- _DATA BLOCK_:
-.-.-

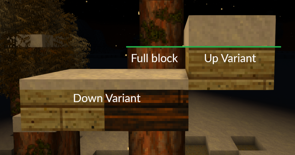 17. Are you sure you are looking at an up variation of your scrap slab and not a down variation? Hit Ctrl+F3 and look at the block in question. The block info alone is not too precise. For some reason the game will only display one iteration of the block as the asset code, which is not necessarily the correct one. up-snow variations are not created because their top is at the height of a full block. Snow will cumulate on top naturally. The down and cardinal direction versions are special cases, because they are lower or smaller than normal blocks, which would result in strange results, floating snow and the like. Anyway, if you added a scrap texture for the plankslab correctly (/texture/block/wood/planks/scrap.png) you shouldn't get any errors. What do the logs tell you? Texture issues should pop up in client-main, but it's always good to keep an eye on server-main as well.
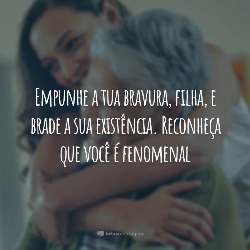 Empunhe a tua bravura, filha, e brade a sua existência. Reconheça que você é fenomenal.
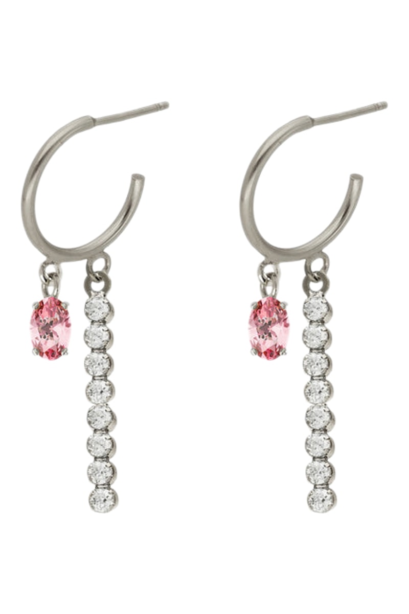 Créoles en argent serties de 9 cristaux.
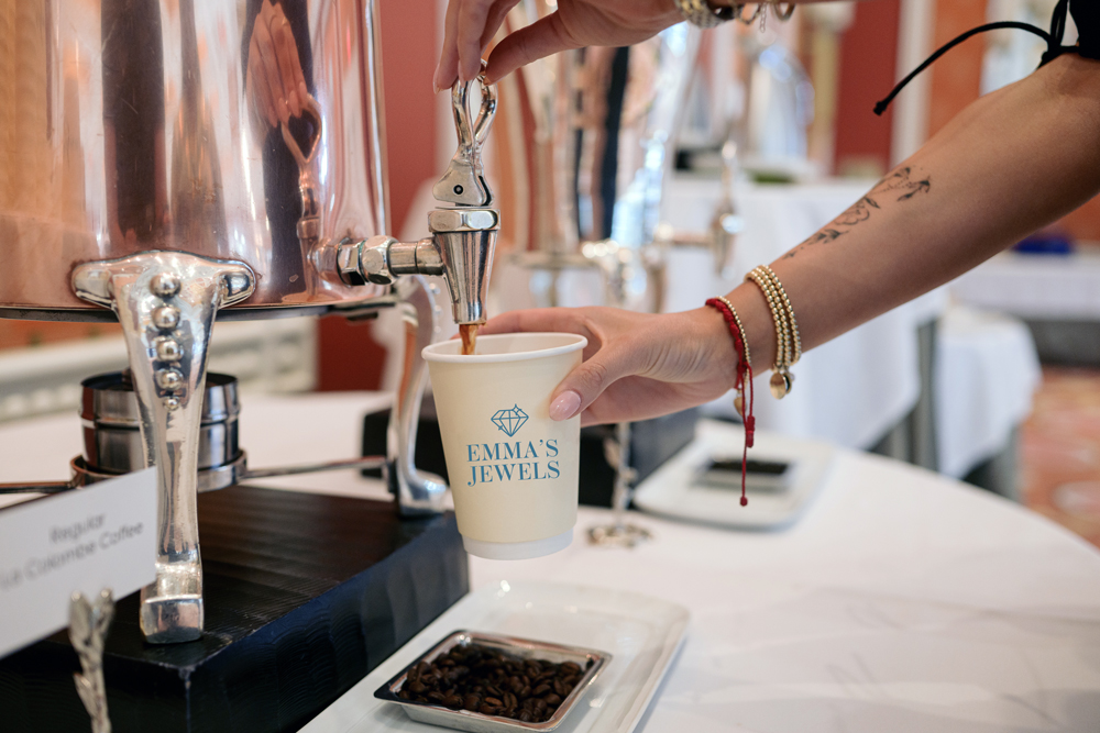 Includes La Colombe coffee, La Colombe decaffeinated coffee and Forte selection of hot teas, dedicated server, branded cups, and 22x28 sign with company logo.

-.-.-

- _EXERCISE AIM_: Output only the lines above from the one containing "Empunhe a tua" to the one containing "Créoles en argent serties de 9 cristaux.", both included, exactly as written and with no pictures.

- _PROBLEM SOLUTION_:
 Empunhe a tua bravura, filha, e brade a sua existência. Reconheça que você é fenomenal.
 Créoles en argent serties de 9 cristaux.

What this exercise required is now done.